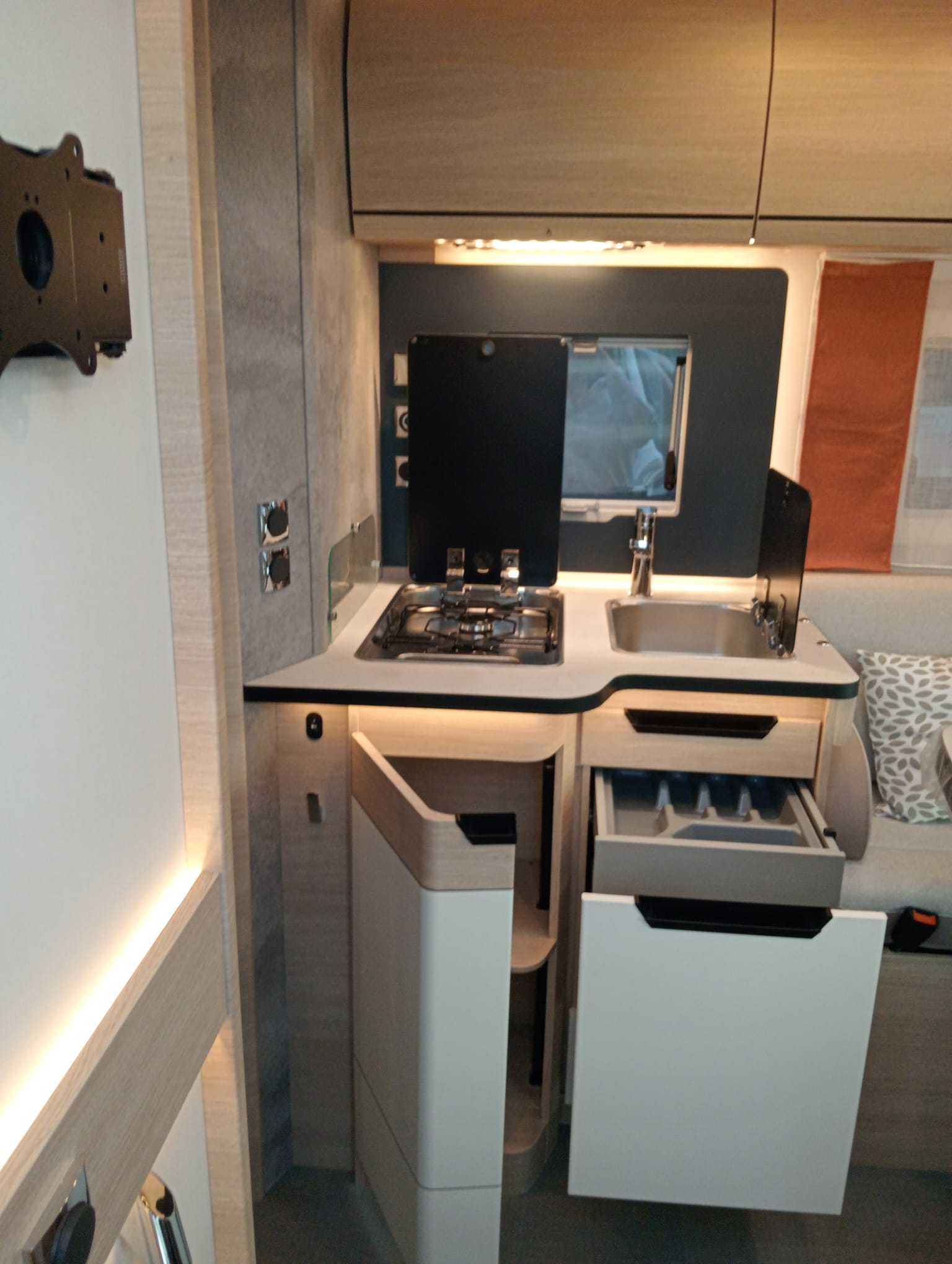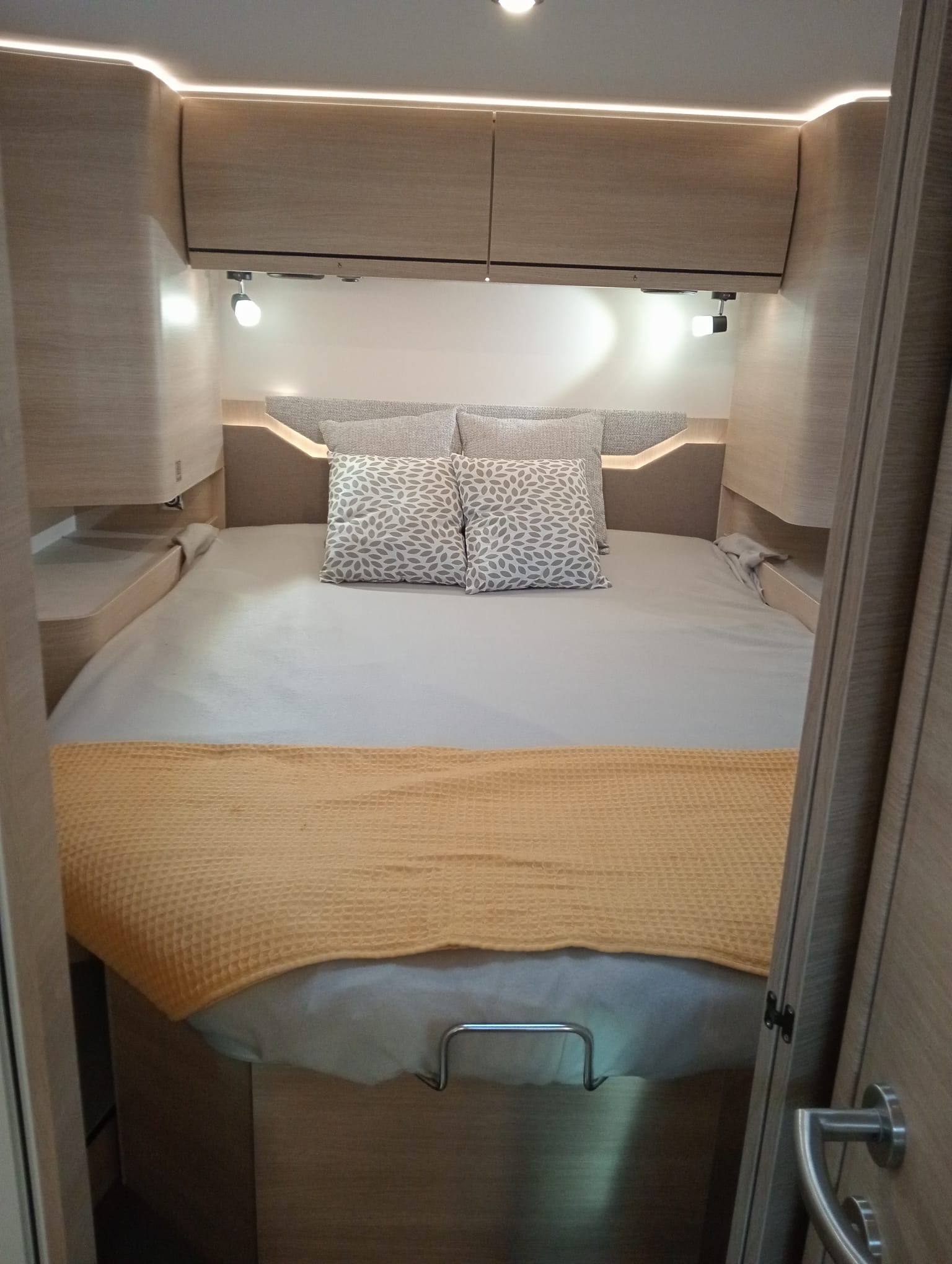 El interior de la RAPIDO C86i refleja un estilo elegante y funcional. La tapicería Alicante aporta un toque sofisticado, mientras que el mobiliario Luceo ofrece acabados modernos que crean un ambiente acogedor y práctico. Cada detalle ha sido pensado para maximizar el confort, desde la distribución hasta los materiales empleados.
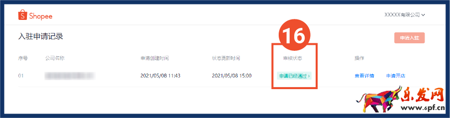 第十六步,隨時留意郵箱通知或自主到入駐記錄中查看,當審核通過時,狀態(tài)會更新
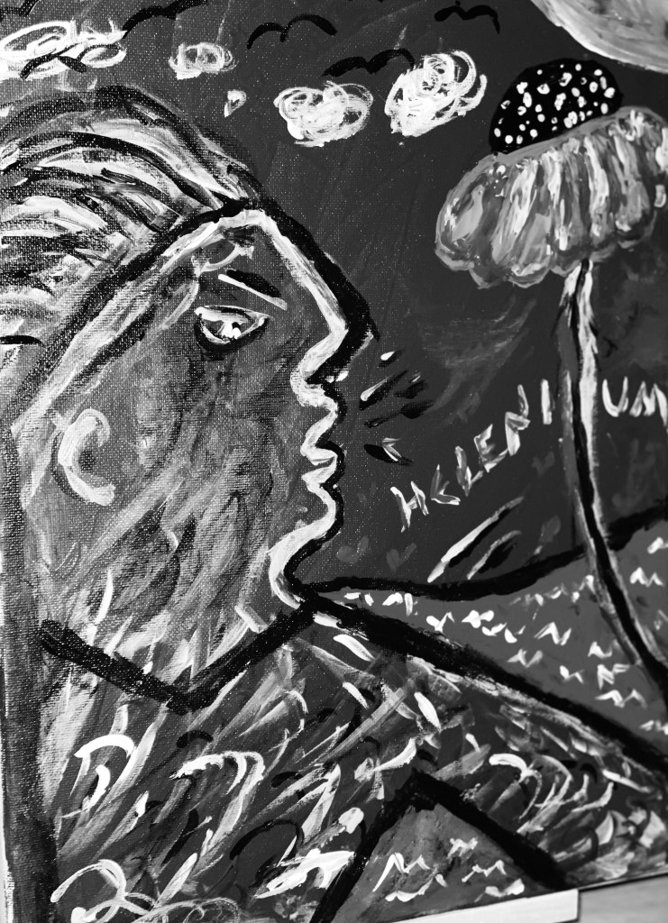 I have created the drawing in the form of a mask. A mask covers faces and hides people’s identities, qualities, expressions, and feelings.

▬▬▬▬▬▬

• [REQUIRED WORK] What the answer must hold is the exact text of every line from the one containing "第十六步,隨時留意郵箱通知或" through the end of the data, minus any pictures.

• [ANSWER TO THIS EXERCISE]
 第十六步,隨時留意郵箱通知或自主到入駐記錄中查看,當審核通過時,狀態(tài)會更新
 I have created the drawing in the form of a mask. A mask covers faces and hides people’s identities, qualities, expressions, and feelings.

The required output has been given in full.